**** Material for this exercise ****

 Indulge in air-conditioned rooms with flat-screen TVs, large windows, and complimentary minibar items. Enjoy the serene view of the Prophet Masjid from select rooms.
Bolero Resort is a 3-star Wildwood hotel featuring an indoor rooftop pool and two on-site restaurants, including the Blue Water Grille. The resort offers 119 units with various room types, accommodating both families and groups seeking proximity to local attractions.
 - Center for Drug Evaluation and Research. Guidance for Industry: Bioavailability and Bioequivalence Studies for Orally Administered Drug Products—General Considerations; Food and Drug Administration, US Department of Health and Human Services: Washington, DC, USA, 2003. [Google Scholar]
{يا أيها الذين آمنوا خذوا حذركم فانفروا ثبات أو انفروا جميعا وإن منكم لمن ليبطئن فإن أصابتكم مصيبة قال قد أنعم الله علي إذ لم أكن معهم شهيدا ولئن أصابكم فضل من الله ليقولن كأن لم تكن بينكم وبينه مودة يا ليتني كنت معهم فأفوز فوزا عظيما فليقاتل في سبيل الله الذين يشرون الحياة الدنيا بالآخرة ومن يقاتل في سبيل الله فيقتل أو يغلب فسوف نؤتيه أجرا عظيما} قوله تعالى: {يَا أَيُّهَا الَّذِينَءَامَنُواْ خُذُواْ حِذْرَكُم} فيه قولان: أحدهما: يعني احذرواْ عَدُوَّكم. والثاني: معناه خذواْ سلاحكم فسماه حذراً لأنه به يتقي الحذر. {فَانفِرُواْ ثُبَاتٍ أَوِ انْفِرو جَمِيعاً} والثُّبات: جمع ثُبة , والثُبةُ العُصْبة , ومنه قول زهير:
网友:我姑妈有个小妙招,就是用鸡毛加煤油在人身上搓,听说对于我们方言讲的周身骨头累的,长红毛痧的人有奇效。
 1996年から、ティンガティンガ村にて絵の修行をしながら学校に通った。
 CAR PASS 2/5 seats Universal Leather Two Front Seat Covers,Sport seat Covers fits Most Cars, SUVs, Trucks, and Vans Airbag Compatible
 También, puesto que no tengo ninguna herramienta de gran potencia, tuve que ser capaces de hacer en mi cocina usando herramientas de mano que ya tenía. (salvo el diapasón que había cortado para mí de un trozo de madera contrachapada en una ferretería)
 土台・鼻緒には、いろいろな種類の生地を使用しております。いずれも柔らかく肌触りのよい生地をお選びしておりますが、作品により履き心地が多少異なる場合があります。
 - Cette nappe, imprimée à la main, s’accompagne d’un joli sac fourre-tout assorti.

****

Now that the records have been shown, restate each one word for word.

 Indulge in air-conditioned rooms with flat-screen TVs, large windows, and complimentary minibar items. Enjoy the serene view of the Prophet Masjid from select rooms.
Bolero Resort is a 3-star Wildwood hotel featuring an indoor rooftop pool and two on-site restaurants, including the Blue Water Grille. The resort offers 119 units with various room types, accommodating both families and groups seeking proximity to local attractions.
 - Center for Drug Evaluation and Research. Guidance for Industry: Bioavailability and Bioequivalence Studies for Orally Administered Drug Products—General Considerations; Food and Drug Administration, US Department of Health and Human Services: Washington, DC, USA, 2003. [Google Scholar]
{يا أيها الذين آمنوا خذوا حذركم فانفروا ثبات أو انفروا جميعا وإن منكم لمن ليبطئن فإن أصابتكم مصيبة قال قد أنعم الله علي إذ لم أكن معهم شهيدا ولئن أصابكم فضل من الله ليقولن كأن لم تكن بينكم وبينه مودة يا ليتني كنت معهم فأفوز فوزا عظيما فليقاتل في سبيل الله الذين يشرون الحياة الدنيا بالآخرة ومن يقاتل في سبيل الله فيقتل أو يغلب فسوف نؤتيه أجرا عظيما} قوله تعالى: {يَا أَيُّهَا الَّذِينَءَامَنُواْ خُذُواْ حِذْرَكُم} فيه قولان: أحدهما: يعني احذرواْ عَدُوَّكم. والثاني: معناه خذواْ سلاحكم فسماه حذراً لأنه به يتقي الحذر. {فَانفِرُواْ ثُبَاتٍ أَوِ انْفِرو جَمِيعاً} والثُّبات: جمع ثُبة , والثُبةُ العُصْبة , ومنه قول زهير:
网友:我姑妈有个小妙招,就是用鸡毛加煤油在人身上搓,听说对于我们方言讲的周身骨头累的,长红毛痧的人有奇效。
 1996年から、ティンガティンガ村にて絵の修行をしながら学校に通った。
 CAR PASS 2/5 seats Universal Leather Two Front Seat Covers,Sport seat Covers fits Most Cars, SUVs, Trucks, and Vans Airbag Compatible
 También, puesto que no tengo ninguna herramienta de gran potencia, tuve que ser capaces de hacer en mi cocina usando herramientas de mano que ya tenía. (salvo el diapasón que había cortado para mí de un trozo de madera contrachapada en una ferretería)
 土台・鼻緒には、いろいろな種類の生地を使用しております。いずれも柔らかく肌触りのよい生地をお選びしておりますが、作品により履き心地が多少異なる場合があります。
 - Cette nappe, imprimée à la main, s’accompagne d’un joli sac fourre-tout assorti.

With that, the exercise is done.